> _Action item_
All the data that follows should be repeated exactly, without a single picture.

> _The data_
--*--
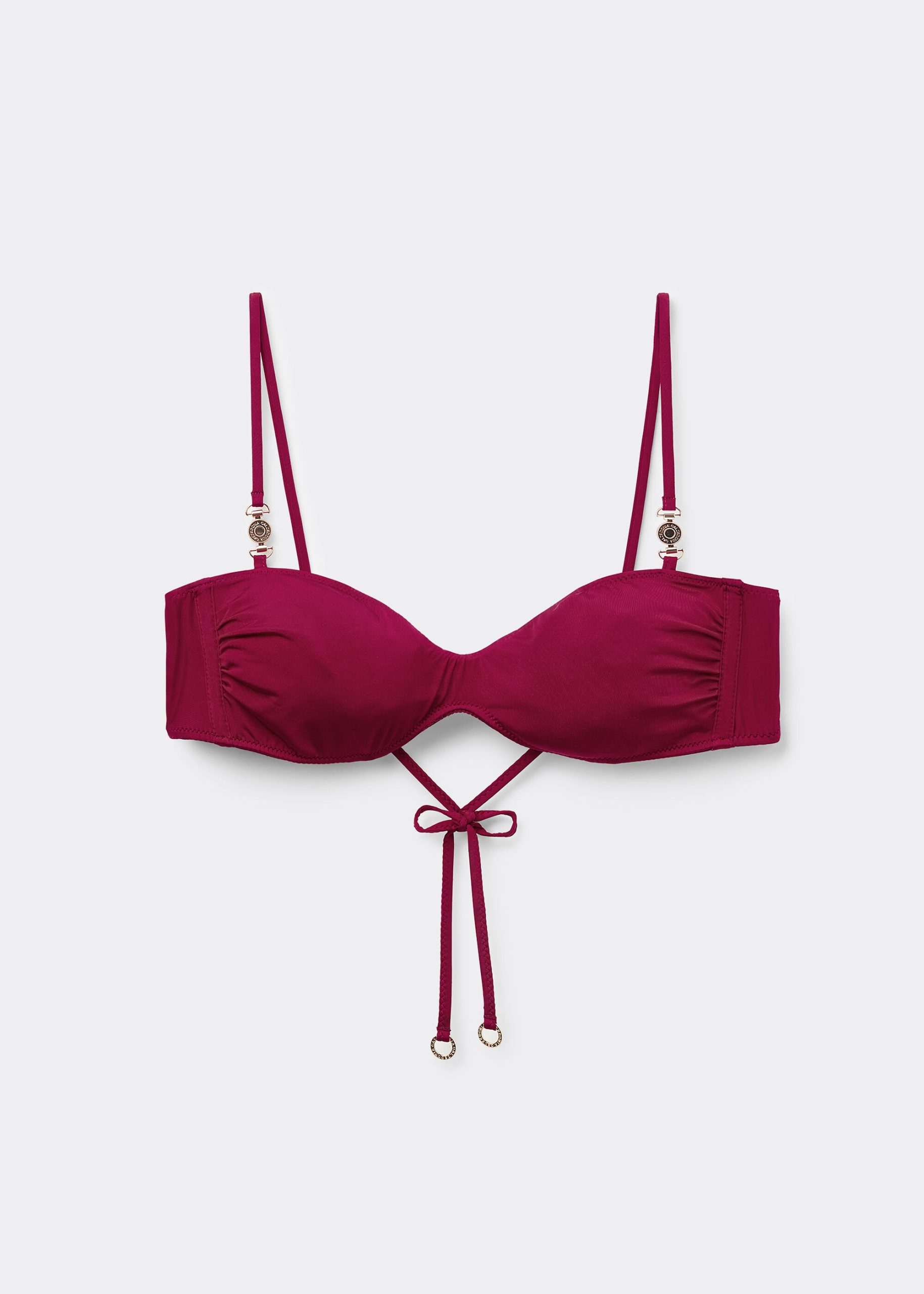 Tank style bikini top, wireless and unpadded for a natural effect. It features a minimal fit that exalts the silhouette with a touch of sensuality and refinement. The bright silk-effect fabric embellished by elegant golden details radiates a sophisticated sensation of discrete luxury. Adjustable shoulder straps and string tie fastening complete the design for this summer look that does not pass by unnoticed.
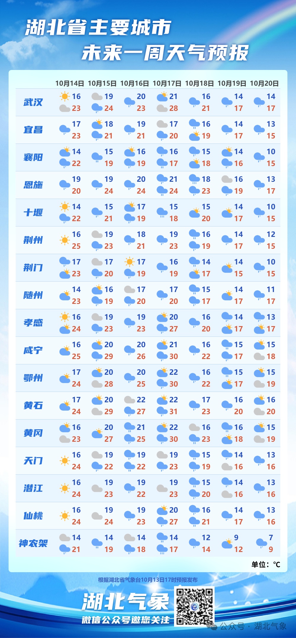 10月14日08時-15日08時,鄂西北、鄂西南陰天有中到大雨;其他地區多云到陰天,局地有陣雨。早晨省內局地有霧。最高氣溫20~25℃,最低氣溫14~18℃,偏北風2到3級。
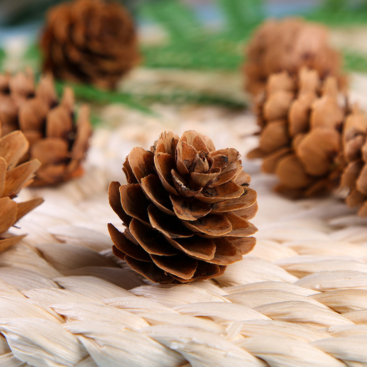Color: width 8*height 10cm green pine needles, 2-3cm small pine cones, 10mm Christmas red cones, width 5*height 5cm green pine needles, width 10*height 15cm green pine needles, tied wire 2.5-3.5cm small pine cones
--*--
> _Answer area_
 Tank style bikini top, wireless and unpadded for a natural effect. It features a minimal fit that exalts the silhouette with a touch of sensuality and refinement. The bright silk-effect fabric embellished by elegant golden details radiates a sophisticated sensation of discrete luxury. Adjustable shoulder straps and string tie fastening complete the design for this summer look that does not pass by unnoticed.
 10月14日08時-15日08時,鄂西北、鄂西南陰天有中到大雨;其他地區多云到陰天,局地有陣雨。早晨省內局地有霧。最高氣溫20~25℃,最低氣溫14~18℃,偏北風2到3級。
Color: width 8*height 10cm green pine needles, 2-3cm small pine cones, 10mm Christmas red cones, width 5*height 5cm green pine needles, width 10*height 15cm green pine needles, tied wire 2.5-3.5cm small pine cones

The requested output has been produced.